Tesla Full Self Driving ASIC
Tesla hosted Autonomy Day for Analyst on Monday April 22nd beginning at 11am. The video is available at https://www.youtube.com/watch?v=Ucp0TTmvqOE. It’s a bit unusual for a corporate video in that it is 3 hours and 52 minutes long but it’s also unusual in that there is far more real content in there than is typically shown in commercial systems. It starts with 1 hour and 9 min of nice but quickly repetitive pictures of Tesla’s. It’s worth watching for three or four minutes but the interesting material starts with Pete Bannon on the inference ASIC that they call the Full Self Driving (FSD) chip. That segment runs between 1:12 and 1:35 with questions running to 1:51. There isn’t really anything before that. Pete covers a lot and offers excellent detail. It’s quite good and worth watching.
When looking at inference chips, everyone does large multiply adder arrays so that’s more or less expected. What’s interesting is what’s around the multiple/addition unit. What else did they spend the chip real estate on after the multiply addition unit and I/O?

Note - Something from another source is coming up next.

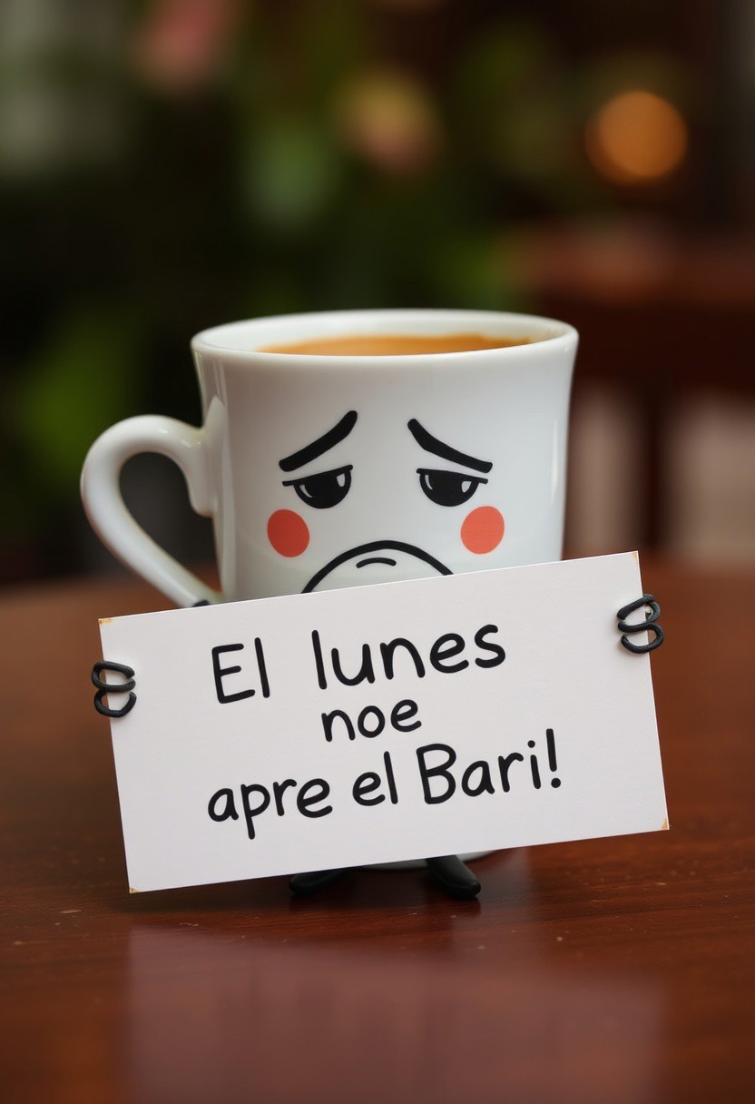 A coffee cup with a face, looking tired, holding a sign: “El lunes no abre el Bari!”

Generally what catches my interest when looking at Inference ASICs is memory bandwidth and their approach to managing memory bandwidth. The options are to either spend a lot and have all the bandwidth you need or to get creative and have to work very hard to keep the memory subsystem out of the way. The most common version of the first approach is to use HBM (High Bandwidth Memory) which is many ways is the right long term answer. But, HBM is currently expensive and will stay expensive until there are at least 2 and probably 3 sources with very high volume and there isn’t a shortage of manufacturing capacity. We’re quite a ways away from that at this point.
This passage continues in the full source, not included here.